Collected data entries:
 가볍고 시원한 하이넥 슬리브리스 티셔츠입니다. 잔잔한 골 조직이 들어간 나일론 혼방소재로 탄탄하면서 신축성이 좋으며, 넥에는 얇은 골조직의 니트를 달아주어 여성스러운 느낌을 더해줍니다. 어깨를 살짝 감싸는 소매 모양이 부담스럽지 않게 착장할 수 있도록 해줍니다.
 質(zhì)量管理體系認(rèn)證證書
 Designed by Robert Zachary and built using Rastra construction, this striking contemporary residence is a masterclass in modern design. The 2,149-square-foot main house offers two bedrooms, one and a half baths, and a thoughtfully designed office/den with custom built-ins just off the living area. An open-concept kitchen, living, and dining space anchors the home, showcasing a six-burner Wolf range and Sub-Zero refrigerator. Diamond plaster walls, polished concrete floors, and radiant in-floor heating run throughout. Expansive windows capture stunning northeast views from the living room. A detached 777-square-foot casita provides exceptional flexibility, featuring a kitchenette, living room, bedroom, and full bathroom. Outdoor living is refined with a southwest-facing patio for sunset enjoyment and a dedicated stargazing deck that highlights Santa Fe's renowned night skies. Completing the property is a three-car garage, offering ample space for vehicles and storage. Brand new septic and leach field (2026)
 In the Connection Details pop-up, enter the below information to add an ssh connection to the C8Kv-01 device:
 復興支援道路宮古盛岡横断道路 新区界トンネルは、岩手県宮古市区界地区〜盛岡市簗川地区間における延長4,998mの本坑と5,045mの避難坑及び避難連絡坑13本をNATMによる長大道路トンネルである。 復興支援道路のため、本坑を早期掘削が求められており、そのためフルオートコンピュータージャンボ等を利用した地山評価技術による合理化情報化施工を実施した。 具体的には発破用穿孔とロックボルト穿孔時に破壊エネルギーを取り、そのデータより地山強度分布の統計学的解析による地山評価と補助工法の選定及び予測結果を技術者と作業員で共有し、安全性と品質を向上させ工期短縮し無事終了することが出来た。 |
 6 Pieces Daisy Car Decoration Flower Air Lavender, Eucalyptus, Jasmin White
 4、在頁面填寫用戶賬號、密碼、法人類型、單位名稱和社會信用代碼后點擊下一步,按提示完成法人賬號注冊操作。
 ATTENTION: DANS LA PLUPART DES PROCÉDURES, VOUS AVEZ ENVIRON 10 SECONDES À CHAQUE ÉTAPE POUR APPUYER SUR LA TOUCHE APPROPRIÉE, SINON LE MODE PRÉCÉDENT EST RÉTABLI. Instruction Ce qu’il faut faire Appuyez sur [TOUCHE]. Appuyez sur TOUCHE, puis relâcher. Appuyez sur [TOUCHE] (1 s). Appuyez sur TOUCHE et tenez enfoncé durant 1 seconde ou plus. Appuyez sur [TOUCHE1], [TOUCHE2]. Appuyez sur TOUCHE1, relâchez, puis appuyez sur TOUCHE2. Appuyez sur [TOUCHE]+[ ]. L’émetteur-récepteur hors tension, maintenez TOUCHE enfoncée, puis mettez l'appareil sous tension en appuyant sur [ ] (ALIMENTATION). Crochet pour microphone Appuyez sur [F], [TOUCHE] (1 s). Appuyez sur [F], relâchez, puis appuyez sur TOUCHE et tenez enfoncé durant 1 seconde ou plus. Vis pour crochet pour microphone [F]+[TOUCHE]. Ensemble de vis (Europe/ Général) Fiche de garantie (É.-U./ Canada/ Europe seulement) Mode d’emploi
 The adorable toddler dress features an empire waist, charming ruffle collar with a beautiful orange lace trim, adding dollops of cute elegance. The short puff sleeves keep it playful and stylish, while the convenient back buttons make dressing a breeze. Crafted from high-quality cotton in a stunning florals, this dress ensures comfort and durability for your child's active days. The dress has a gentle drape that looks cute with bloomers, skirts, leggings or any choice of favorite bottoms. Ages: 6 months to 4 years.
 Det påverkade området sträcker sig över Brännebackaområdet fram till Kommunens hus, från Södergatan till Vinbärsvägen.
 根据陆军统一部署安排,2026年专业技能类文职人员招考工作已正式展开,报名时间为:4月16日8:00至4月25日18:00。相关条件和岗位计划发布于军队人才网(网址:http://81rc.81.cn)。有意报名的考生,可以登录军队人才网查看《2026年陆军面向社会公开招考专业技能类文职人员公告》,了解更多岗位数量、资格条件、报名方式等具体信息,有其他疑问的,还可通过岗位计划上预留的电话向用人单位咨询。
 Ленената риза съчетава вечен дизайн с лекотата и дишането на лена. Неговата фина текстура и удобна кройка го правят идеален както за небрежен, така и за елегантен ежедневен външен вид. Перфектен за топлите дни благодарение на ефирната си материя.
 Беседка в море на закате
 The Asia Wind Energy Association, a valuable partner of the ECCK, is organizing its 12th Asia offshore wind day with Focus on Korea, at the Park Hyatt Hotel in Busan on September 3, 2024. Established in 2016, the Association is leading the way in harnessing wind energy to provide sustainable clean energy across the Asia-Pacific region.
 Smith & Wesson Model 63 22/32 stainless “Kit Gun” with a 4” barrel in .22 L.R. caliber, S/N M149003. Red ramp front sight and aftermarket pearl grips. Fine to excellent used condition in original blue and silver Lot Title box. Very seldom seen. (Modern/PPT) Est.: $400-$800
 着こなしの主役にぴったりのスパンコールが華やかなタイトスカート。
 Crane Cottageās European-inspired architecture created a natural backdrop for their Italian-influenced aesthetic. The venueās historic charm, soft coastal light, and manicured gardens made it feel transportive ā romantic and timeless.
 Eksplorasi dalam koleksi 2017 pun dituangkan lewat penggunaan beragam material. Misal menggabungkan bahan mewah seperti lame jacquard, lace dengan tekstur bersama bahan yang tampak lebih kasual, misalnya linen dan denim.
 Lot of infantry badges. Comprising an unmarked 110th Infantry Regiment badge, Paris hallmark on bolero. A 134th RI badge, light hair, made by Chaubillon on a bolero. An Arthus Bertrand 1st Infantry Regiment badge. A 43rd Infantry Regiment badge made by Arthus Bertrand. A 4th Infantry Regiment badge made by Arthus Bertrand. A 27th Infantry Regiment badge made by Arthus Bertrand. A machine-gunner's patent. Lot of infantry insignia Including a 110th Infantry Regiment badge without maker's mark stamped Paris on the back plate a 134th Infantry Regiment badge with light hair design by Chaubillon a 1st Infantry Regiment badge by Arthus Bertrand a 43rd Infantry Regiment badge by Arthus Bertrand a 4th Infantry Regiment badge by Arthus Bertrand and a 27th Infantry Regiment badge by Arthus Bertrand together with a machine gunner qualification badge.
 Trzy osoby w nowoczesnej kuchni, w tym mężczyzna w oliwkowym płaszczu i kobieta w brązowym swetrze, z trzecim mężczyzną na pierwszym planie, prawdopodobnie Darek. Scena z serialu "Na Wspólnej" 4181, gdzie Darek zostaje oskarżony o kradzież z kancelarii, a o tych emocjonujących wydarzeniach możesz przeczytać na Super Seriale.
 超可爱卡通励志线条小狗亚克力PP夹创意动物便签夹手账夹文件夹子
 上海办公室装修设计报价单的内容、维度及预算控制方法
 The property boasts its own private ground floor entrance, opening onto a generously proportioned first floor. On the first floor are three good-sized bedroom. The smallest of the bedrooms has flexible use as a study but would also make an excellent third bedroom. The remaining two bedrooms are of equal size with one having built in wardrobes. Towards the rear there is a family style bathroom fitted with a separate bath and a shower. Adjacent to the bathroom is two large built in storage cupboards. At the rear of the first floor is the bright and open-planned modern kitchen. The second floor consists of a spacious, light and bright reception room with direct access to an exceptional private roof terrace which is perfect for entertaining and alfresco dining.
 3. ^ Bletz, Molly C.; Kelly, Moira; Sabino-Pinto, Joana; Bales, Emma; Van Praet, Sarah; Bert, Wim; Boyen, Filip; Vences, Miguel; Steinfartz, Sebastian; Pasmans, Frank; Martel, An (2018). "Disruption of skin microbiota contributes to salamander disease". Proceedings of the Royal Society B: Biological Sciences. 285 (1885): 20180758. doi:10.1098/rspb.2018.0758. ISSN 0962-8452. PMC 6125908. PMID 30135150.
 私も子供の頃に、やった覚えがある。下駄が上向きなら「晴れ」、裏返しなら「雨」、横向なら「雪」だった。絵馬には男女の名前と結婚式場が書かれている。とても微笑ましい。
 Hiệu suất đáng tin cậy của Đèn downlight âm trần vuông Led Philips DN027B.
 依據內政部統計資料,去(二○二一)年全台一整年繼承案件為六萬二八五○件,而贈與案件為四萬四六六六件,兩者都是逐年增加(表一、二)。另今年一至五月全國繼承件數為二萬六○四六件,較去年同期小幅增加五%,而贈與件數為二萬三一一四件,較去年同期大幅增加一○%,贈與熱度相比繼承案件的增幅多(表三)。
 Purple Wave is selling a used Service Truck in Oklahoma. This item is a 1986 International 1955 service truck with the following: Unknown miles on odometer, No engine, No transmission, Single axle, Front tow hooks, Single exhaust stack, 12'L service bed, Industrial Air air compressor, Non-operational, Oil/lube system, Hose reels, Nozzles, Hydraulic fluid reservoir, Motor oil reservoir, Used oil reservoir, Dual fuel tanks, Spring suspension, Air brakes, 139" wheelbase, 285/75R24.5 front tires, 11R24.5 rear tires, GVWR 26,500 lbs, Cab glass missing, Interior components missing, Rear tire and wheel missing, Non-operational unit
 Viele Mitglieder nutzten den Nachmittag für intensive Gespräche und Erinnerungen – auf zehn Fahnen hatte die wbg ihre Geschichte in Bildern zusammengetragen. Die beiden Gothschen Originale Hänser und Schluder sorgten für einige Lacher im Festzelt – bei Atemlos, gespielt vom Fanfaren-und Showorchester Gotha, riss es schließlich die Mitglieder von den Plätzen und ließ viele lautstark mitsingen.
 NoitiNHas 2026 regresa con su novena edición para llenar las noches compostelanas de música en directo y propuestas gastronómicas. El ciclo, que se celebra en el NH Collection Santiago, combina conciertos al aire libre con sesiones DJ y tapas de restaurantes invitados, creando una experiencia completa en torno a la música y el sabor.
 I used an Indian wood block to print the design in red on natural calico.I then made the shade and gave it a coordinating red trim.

Brief:
The answer must consist of every line from the data that holds the string "natural".

Response to the task:
 Crane Cottageās European-inspired architecture created a natural backdrop for their Italian-influenced aesthetic. The venueās historic charm, soft coastal light, and manicured gardens made it feel transportive ā romantic and timeless.
 I used an Indian wood block to print the design in red on natural calico.I then made the shade and gave it a coordinating red trim.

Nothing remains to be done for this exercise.